-- Excerpted data follows --

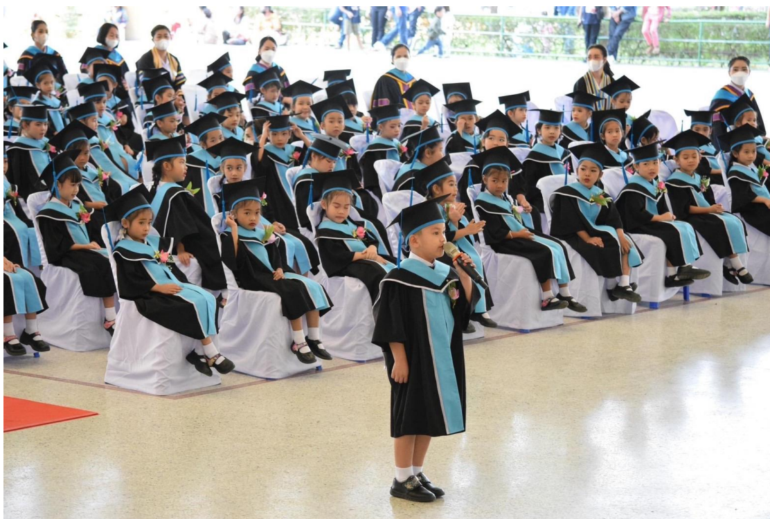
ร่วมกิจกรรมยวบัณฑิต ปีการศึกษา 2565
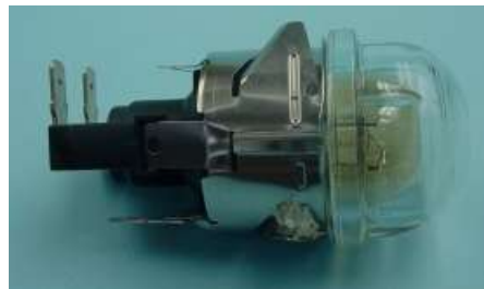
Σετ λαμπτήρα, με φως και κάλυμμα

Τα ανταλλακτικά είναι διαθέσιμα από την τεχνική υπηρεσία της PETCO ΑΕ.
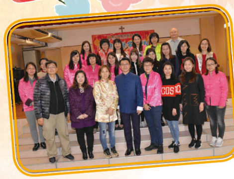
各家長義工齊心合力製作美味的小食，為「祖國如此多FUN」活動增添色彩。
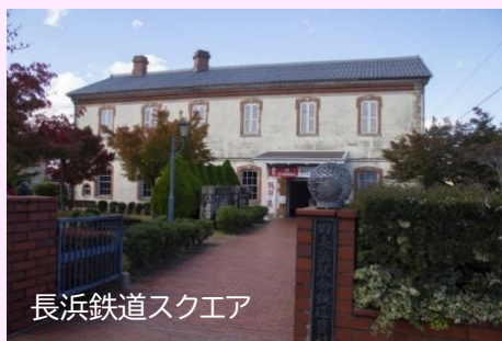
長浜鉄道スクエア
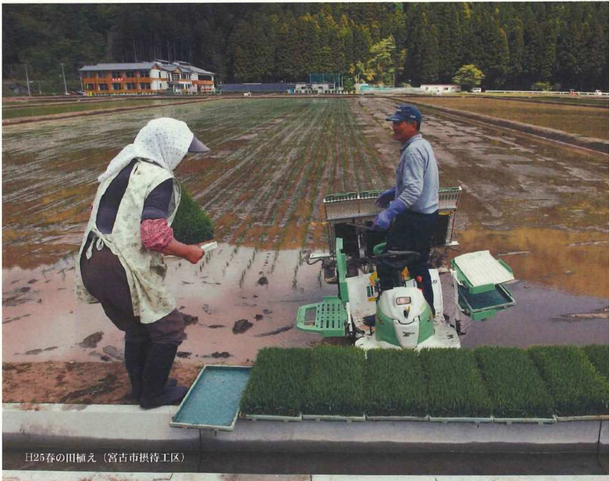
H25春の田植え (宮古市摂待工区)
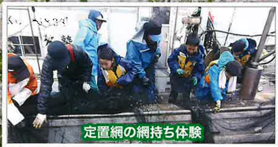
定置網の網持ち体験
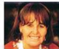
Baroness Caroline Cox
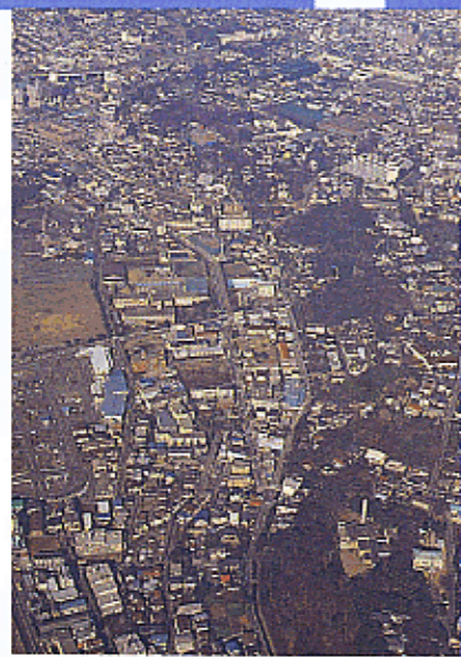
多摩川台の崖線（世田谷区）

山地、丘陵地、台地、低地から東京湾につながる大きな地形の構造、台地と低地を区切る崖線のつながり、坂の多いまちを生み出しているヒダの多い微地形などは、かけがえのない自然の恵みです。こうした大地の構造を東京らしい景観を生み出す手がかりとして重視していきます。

-- Excerpted data concluded --
-- Excerpted data follows --

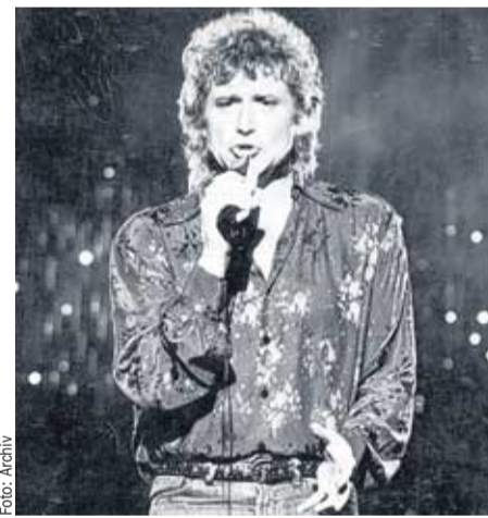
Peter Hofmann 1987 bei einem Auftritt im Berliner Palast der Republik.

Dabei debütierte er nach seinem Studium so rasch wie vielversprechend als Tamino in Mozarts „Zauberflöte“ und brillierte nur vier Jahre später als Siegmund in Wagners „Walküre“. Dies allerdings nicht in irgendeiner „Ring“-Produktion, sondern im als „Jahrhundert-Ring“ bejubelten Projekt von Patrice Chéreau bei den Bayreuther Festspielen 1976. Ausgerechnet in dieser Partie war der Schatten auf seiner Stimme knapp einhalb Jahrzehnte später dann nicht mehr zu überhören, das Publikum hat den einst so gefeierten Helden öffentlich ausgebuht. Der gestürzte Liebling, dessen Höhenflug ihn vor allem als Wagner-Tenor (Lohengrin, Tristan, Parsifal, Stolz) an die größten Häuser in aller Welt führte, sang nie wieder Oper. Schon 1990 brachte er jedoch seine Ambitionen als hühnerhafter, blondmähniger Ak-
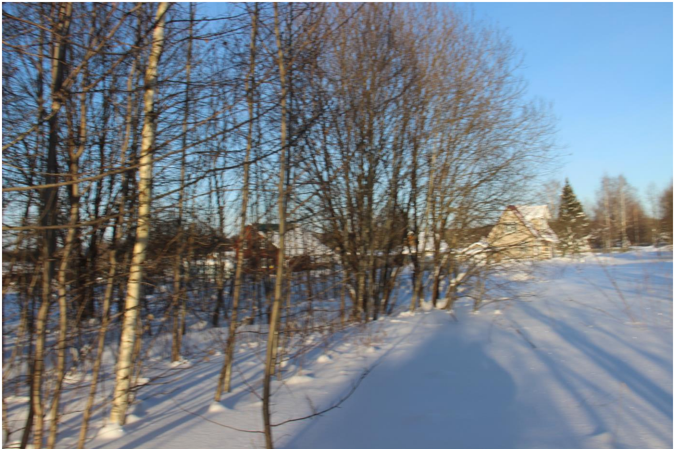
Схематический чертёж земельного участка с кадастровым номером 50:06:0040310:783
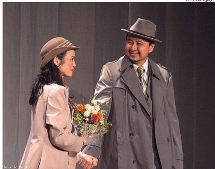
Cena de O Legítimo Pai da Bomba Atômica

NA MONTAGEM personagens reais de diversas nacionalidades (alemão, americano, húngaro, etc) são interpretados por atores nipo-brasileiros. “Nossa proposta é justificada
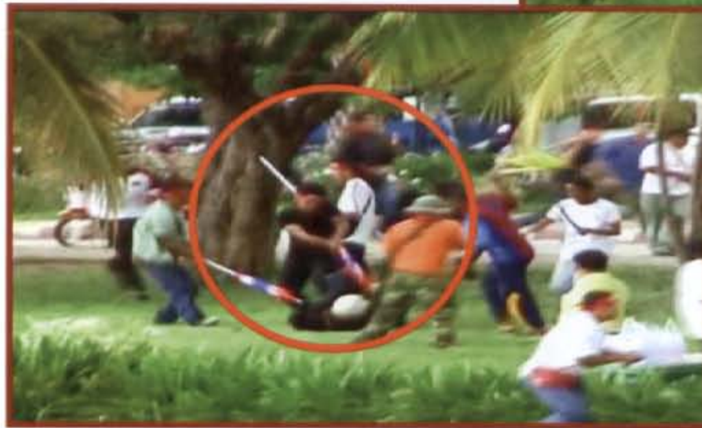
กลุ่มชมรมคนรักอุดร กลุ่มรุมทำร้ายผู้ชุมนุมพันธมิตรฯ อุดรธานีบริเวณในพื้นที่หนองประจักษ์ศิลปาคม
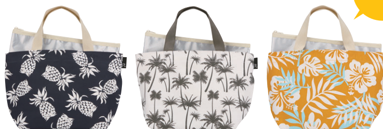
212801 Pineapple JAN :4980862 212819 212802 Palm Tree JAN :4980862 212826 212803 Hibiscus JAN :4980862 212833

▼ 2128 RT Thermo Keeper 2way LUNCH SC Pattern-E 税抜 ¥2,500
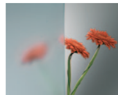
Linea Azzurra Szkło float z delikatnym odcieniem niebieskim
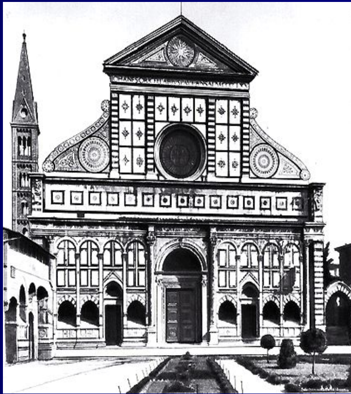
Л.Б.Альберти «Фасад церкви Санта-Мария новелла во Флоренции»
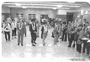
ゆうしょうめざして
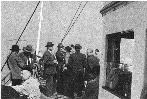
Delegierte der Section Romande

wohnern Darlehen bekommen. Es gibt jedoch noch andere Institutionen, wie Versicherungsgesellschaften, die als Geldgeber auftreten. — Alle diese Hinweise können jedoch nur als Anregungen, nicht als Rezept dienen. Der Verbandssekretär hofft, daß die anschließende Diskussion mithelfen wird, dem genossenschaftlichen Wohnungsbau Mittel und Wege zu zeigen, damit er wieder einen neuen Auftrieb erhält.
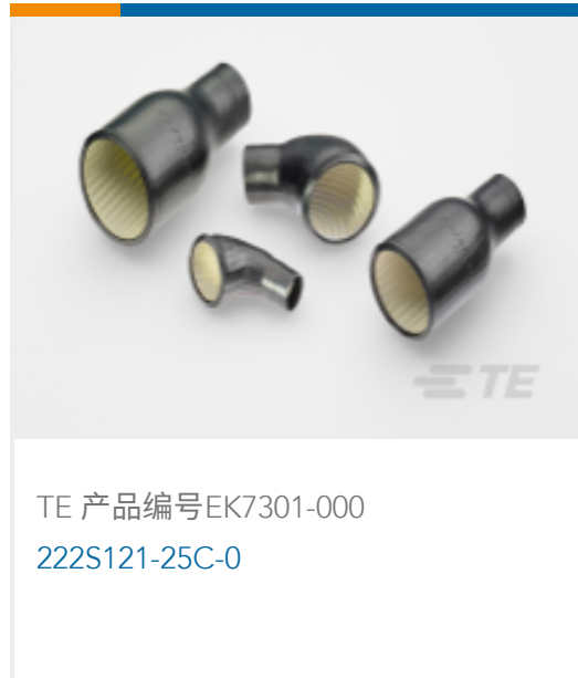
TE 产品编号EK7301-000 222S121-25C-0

-- Excerpted data concluded --

**Exercise details**
Reproduce exactly, with no pictures, the lines above from the one holding "各家長義工齊心合力製作美味的小食，為「祖國如此多FUN」活動增添色彩。" to the one holding "山地、丘陵地、台地、低地から", inclusive.

**Task answer**
各家長義工齊心合力製作美味的小食，為「祖國如此多FUN」活動增添色彩。
長浜鉄道スクエア
H25春の田植え (宮古市摂待工区)
定置網の網持ち体験
Baroness Caroline Cox
多摩川台の崖線（世田谷区）

山地、丘陵地、台地、低地から東京湾につながる大きな地形の構造、台地と低地を区切る崖線のつながり、坂の多いまちを生み出しているヒダの多い微地形などは、かけがえのない自然の恵みです。こうした大地の構造を東京らしい景観を生み出す手がかりとして重視していきます。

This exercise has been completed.